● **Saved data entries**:
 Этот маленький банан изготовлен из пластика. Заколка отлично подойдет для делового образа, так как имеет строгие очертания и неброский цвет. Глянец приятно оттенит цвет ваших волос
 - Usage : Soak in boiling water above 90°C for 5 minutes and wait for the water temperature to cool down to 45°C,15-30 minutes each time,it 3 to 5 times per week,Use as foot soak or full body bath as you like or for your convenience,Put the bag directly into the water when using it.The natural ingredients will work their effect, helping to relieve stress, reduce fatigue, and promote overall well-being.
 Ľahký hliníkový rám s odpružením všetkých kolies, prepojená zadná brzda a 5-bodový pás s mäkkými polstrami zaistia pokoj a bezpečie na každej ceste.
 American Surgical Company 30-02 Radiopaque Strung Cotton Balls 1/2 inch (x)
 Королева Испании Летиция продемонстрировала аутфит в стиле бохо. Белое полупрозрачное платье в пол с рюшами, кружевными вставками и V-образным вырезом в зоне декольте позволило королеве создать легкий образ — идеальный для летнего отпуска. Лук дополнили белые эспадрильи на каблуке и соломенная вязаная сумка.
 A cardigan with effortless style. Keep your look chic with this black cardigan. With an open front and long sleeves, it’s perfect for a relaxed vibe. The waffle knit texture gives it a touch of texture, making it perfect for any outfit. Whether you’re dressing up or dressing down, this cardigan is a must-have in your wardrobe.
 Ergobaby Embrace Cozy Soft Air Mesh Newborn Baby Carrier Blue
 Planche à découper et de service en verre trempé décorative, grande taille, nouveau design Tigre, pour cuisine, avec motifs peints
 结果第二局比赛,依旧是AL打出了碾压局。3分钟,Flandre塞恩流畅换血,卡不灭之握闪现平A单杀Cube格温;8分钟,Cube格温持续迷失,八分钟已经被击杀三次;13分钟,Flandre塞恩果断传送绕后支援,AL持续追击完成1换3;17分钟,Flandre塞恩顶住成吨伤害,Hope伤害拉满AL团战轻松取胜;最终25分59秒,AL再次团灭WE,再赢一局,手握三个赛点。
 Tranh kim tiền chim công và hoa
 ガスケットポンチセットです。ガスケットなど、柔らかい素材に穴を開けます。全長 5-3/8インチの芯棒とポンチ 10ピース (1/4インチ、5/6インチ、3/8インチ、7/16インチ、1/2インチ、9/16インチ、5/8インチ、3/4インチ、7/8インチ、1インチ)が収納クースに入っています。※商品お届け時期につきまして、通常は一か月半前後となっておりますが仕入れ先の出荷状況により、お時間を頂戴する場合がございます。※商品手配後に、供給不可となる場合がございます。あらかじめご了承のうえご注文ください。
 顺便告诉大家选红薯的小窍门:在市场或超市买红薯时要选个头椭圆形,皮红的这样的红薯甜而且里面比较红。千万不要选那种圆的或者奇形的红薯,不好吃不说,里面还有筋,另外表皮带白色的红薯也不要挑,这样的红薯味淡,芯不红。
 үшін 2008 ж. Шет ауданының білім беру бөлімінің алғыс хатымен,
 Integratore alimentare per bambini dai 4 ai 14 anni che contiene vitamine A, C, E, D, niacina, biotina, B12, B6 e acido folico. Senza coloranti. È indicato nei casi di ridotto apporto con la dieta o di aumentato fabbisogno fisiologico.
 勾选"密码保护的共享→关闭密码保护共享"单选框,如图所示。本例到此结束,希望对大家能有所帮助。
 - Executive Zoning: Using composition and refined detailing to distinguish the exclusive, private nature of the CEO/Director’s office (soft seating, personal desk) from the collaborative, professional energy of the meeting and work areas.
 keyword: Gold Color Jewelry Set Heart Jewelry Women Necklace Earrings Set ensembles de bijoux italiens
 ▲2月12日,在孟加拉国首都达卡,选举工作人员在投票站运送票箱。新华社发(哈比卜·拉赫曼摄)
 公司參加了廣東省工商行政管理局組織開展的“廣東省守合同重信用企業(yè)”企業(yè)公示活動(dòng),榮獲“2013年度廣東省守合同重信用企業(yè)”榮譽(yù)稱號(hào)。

● **REQUIRED WORK**: From the line containing "顺便告诉大家选红薯的小窍门:在市场或超市" down to the last line of the records above, print every line exactly, with both ends kept.

● **TASK RESPONSE**:
 顺便告诉大家选红薯的小窍门:在市场或超市买红薯时要选个头椭圆形,皮红的这样的红薯甜而且里面比较红。千万不要选那种圆的或者奇形的红薯,不好吃不说,里面还有筋,另外表皮带白色的红薯也不要挑,这样的红薯味淡,芯不红。
 үшін 2008 ж. Шет ауданының білім беру бөлімінің алғыс хатымен,
 Integratore alimentare per bambini dai 4 ai 14 anni che contiene vitamine A, C, E, D, niacina, biotina, B12, B6 e acido folico. Senza coloranti. È indicato nei casi di ridotto apporto con la dieta o di aumentato fabbisogno fisiologico.
 勾选"密码保护的共享→关闭密码保护共享"单选框,如图所示。本例到此结束,希望对大家能有所帮助。
 - Executive Zoning: Using composition and refined detailing to distinguish the exclusive, private nature of the CEO/Director’s office (soft seating, personal desk) from the collaborative, professional energy of the meeting and work areas.
 keyword: Gold Color Jewelry Set Heart Jewelry Women Necklace Earrings Set ensembles de bijoux italiens
 ▲2月12日,在孟加拉国首都达卡,选举工作人员在投票站运送票箱。新华社发(哈比卜·拉赫曼摄)
 公司參加了廣東省工商行政管理局組織開展的“廣東省守合同重信用企業(yè)”企業(yè)公示活動(dòng),榮獲“2013年度廣東省守合同重信用企業(yè)”榮譽(yù)稱號(hào)。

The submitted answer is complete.